Fora do críquete, Bodhi Tree – a plataforma de investimento que ele co-fundou com James Murdoch em 2022, apoiada em parte pelo fundo soberano do Qatar – investiu capital significativo nos meios de comunicação social e na educação, esta última através do Allen Career Institute, uma empresa que prepara cerca de 400.000 estudantes por ano para os implacavelmente competitivos exames de admissão de engenharia e medicina da Índia. “Pessoas de pequenas aldeias de Bihar, Uttar Pradesh e Madhya Pradesh que frequentavam uma escola onde o professor de física não sabia nada de física, o professor de matemática não sabia nada de matemática – estas pessoas conseguiram qualificar-se para medicina e engenharia graças ao apoio de empresas como Allen”, diz ele. A tese de Bodhi Tree é digitalizar esse acesso e ampliá-lo ainda mais.

Uma conversa com Shankar sobre Bollywood fica tensa. O sucesso de “Dhurandhar” – o thriller de espionagem produzido pela Jio Studios que se tornou um dos maiores sucessos recentes de Bollywood – extrai de Shankar um diagnóstico preciso do que aflige a indústria. Ele credita o sucesso do filme não a qualquer melhoria sistêmica em Bollywood, mas ao fato de ter sido feito por pessoas fora do círculo habitual. A mesma insularidade de talentos que impediu o cinema de língua hindi foi, pelo contrário, evitada pelo críquete. “O críquete, apesar de todos os seus problemas, fez uma coisa brilhante: abriu amplamente o portão de talentos”, diz Shankar. Ele invoca o marcapasso Akash Deep, que cresceu em um vilarejo no sul de Bihar sem estrada, muito menos campo de críquete, mas acabou jogando pela Índia. Até que Bollywood ultrapasse a sua bolha familiar de escritores, realizadores e actores, argumenta Shankar, continuará a perder audiência para as indústrias Tamil, Telugu e Kannada que já o fizeram. “Os espectadores de cinema avançaram muito à frente dos produtores de cinema”, diz ele. “Essa é a grande crise.”

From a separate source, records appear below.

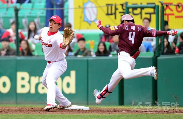 18일 인천 SK행복드림구장에서 ‘2018 신한은행 마이카 KBO리그’ SK 와이번스와 넥센 히어로즈의 시범경가 열렸다. 3회초 2사 3루에서 넥센 김혜성이 내야 땅볼을 치고 난 뒤 1루까지 달리고 있다.
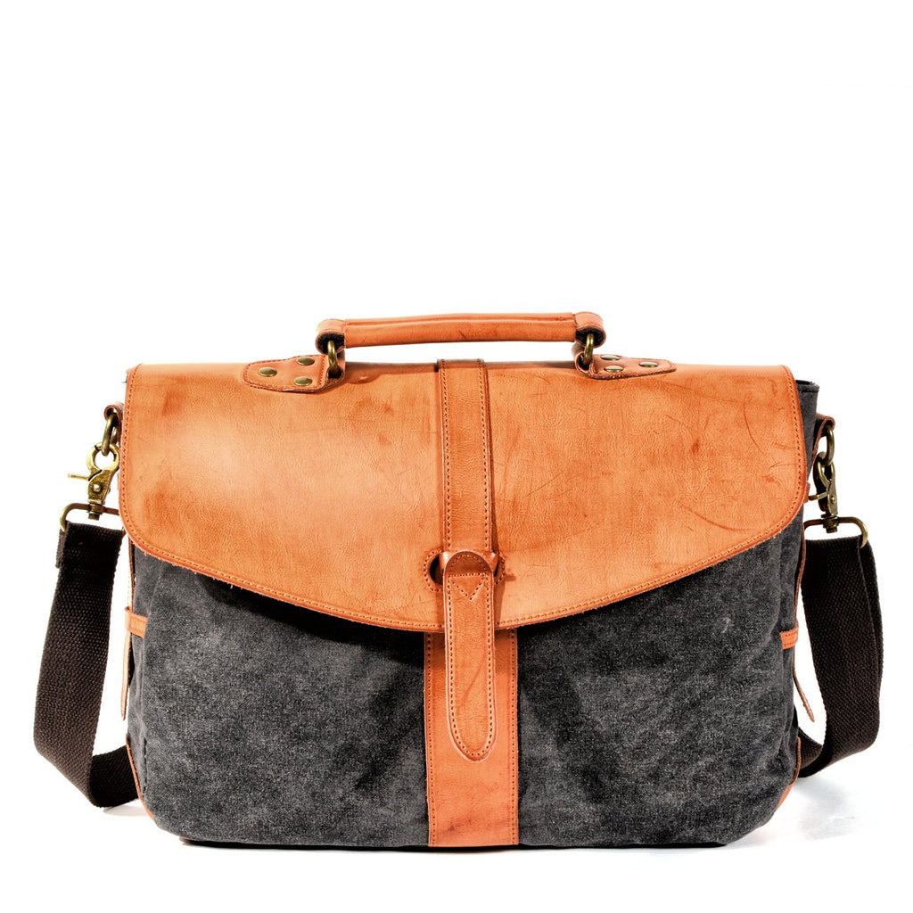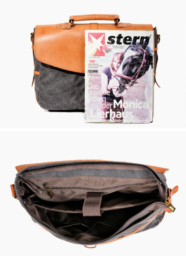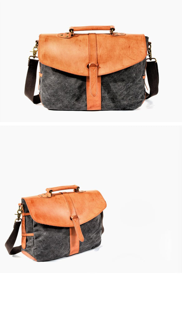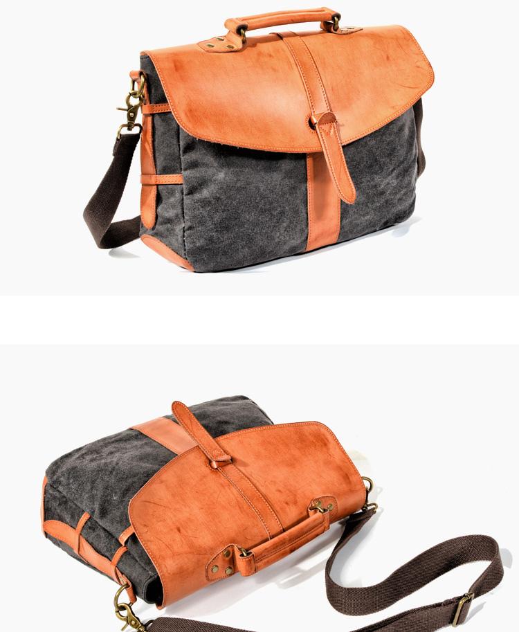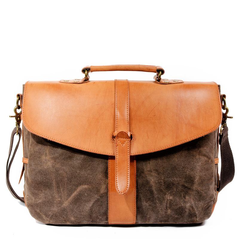 Design: Waxed Canvas Leather Mens Casual Briefcase Handbag Messenger Bag Side Bag Computer Bag For Men
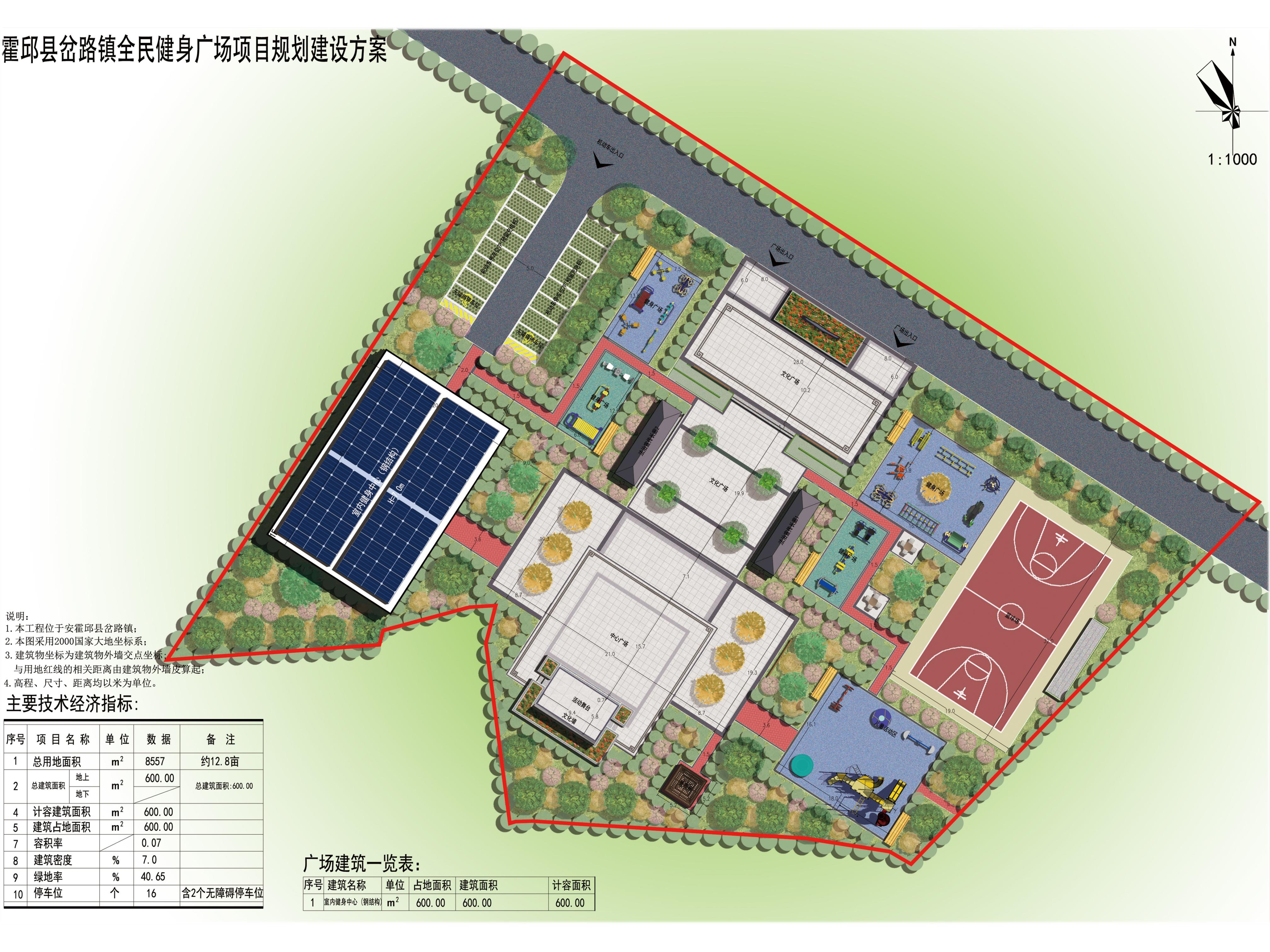 一、项目概况:该项目位于岔路镇街道西侧,用地面积8857㎡(13.3亩),规划一栋室内健身中心、法制宣传长廊、室外标准篮球场、健身广场、绿地游园、停车场等。

Sobre a distribuição, ele oferece dados precisos: os aparelhos de TV conectados ativos na Índia agora superam o número de domicílios com TV paga. A transição chegou. Ele não perde o sono com isso porque, na sua opinião, o modo de entrega importa muito menos do que a qualidade do IP. O que importa é a parte da pilha que ninguém tocou: a monetização. O streaming funciona segundo o mesmo modelo de duas pernas – publicidade e assinatura – que os jornais inventaram há mais de um século. “As empresas de mídia fizeram um ótimo trabalho de inovação em conteúdo”, diz ele. “Mas a inovação no modelo de monetização permaneceu completamente ausente.” A IA entra em cena não como uma ameaça ao trabalho criativo, mas como uma ferramenta para produzir conteúdo a um custo unitário mais baixo e gerar dados que poderiam desbloquear novos fluxos de receitas.

Ele rejeita inteiramente o rótulo de “empresa de mídia” pelo que a JioStar se tornou. Tecnologia e criatividade, insiste ele, são a única descrição honesta – mesmo para um homem que passou os seus anos de formação a trabalhar a partir de aldeias e planícies aluviais atingidas pela seca, e que nunca deixou de pensar como um repórter. “O valor que acrescento é fazer as perguntas”, diz ele. “As pessoas gastam muito tempo tentando fornecer respostas e pouco tempo fazendo as perguntas certas. No fundo, continuo sendo jornalista.”

Afinal, foi o comércio que o salvou da política.